Rishbeth joined the faculty at Southampton in 1922 and from 1926 was the first chair of historical geography, serving until 1938. There he was described as:

a tall individual, somewhat aristocratic in manner but kindly and generous to students. He was hardly a good teacher but had an excellent style as a lecturer and performed well with the carefully preepared topics which he handled... [he] did well in re-establishing his Department as a new force in the quest for geography.

He was known for his compilation of geography textbooks that were used in schools in multiple Australian states. He published research on the geography of Central South England and Central Australia. In 1926, he led a geographic survey of the Hampshire district, and later contributed a study of land utilization in Southampton. In 1923 he published a new theory on the structure of the earth.

In 1933, Rishbeth was a founding member of the Institute of British Geographers. He was involved in the joint committee to form an "Association of University Geographers".

Rishbeth retired due to ill health in 1938. His correspondence and papers are held at Oxford University's Bodleian Library.

==Family==
Oswald's uncle was Charles Rischbieth, a leading businessman in the early days of the colony of South Australia. Through his cousin Henry Rischbieth, he was related to influential social reformer Bessie Rischbieth.

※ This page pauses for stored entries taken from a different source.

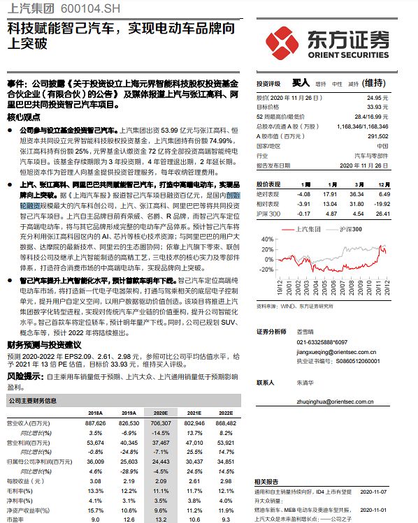 이와 관련, 중국 둥팡증권은 27일 보고서에서 2020~2022년 상하이자동차 예상 매출을 각각 7063억, 8029억, 8684억 위안으로, 직전년도 대비 각각 -14.5%, 13.7%, 8.2% 증가할 것으로 전망했다. 같은기간 영업이익은 374억, 470억, 539억 위안으로, 직전년도 대비 증가율은 각각 -7.1%, 25.5%, 14.7%에 달할 것으로 예상했다. 이 기간 주당순이익(EPS)은 각각 2.09/2.61/2.98위안으로 내다봤다. 목표주가는 33.93위안으로, 투자의견은 '매입'을 유지했다.
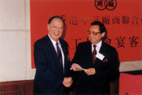 廠商會會長梁欽榮(右)於答謝宴特別鳴謝廠商會副會長兼工展會主席梁乃榮(左)對工展會付出之努力。
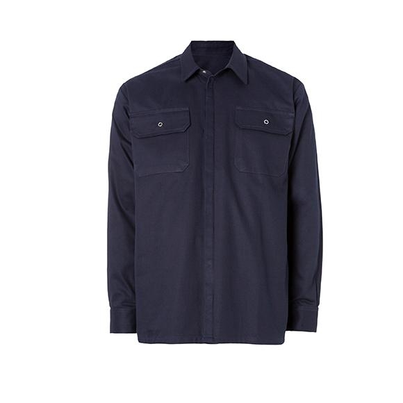 Camisa manga larga con cierre de clip sopatado, 2 bolsillos con cartera y clip, puños cierre de clip oculto, canesú trasero.
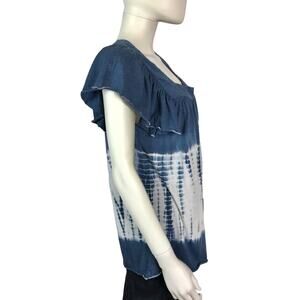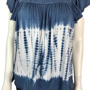 Chaser Blue & White Tie Dye Boho Tee Shirt Vintage Jersey Flutter Sleeves
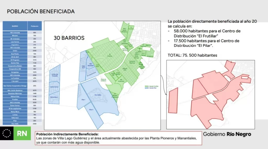 Asimismo, de forma indirecta, el proyecto mejorará el funcionamiento del sistema de agua potable de toda la localidad, ya que optimizará la distribución del recurso desde las instalaciones existentes.
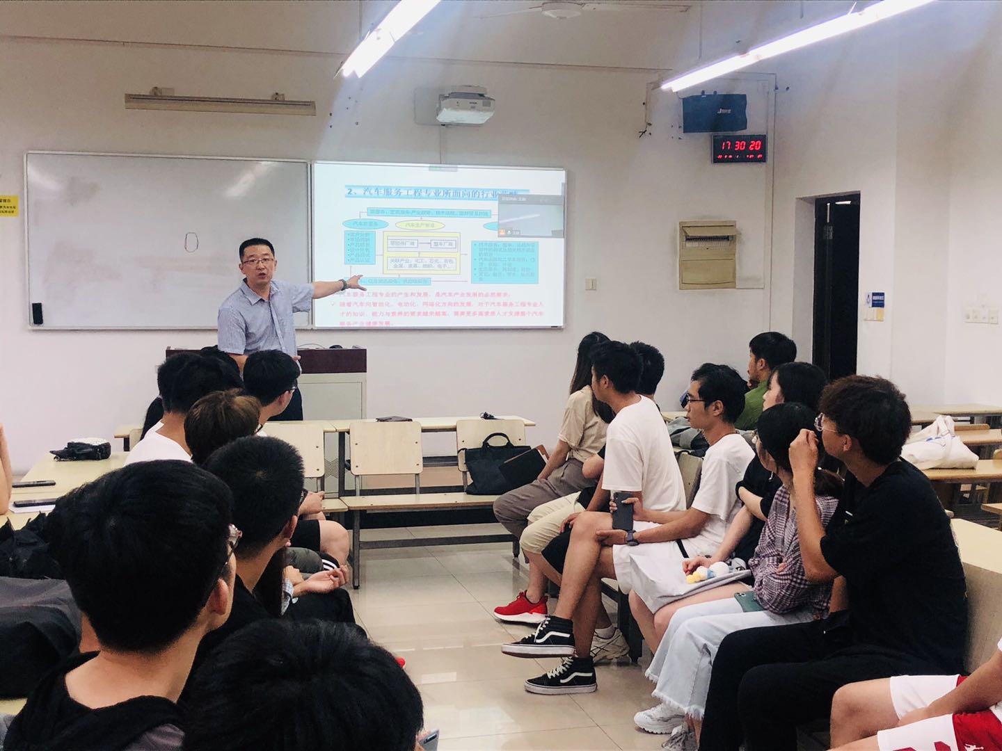 会上,汽车服务工程系主任马其华老师为同学们做了新学期动员,他分享了汽车服务工程系的发展历程,分析了近年学生就业情况,鼓舞同学们应树立对本专业的自信,努力学习,寻找适合自己的发展方向,在课余之时,积极参与各类竞赛,积攒竞赛经验,提高自身的专业能力,为未来就业、考研打下坚实基础。汽车服务工程系教导主任骆佼老师结合近期同学们选课情况,希望同学们在学有余力之时,可以多听多学多看,多选择一些专业选修,提高自己的专业能力,丰富课余生活。

In September 1917, Rishbeth married Kathleen Haddon, an Irish-born anthropologist and zoologist, in Cambridge. He had three children, including the biologist John Rishbeth, and physicist Henry Rishbeth. His brother, W. A. Rischbieth, served in the Australian Flying Corps at the Front in World War 1.

One of his nephews was Charles Rischbieth Jury, a poet and academic at the University of Adelaide.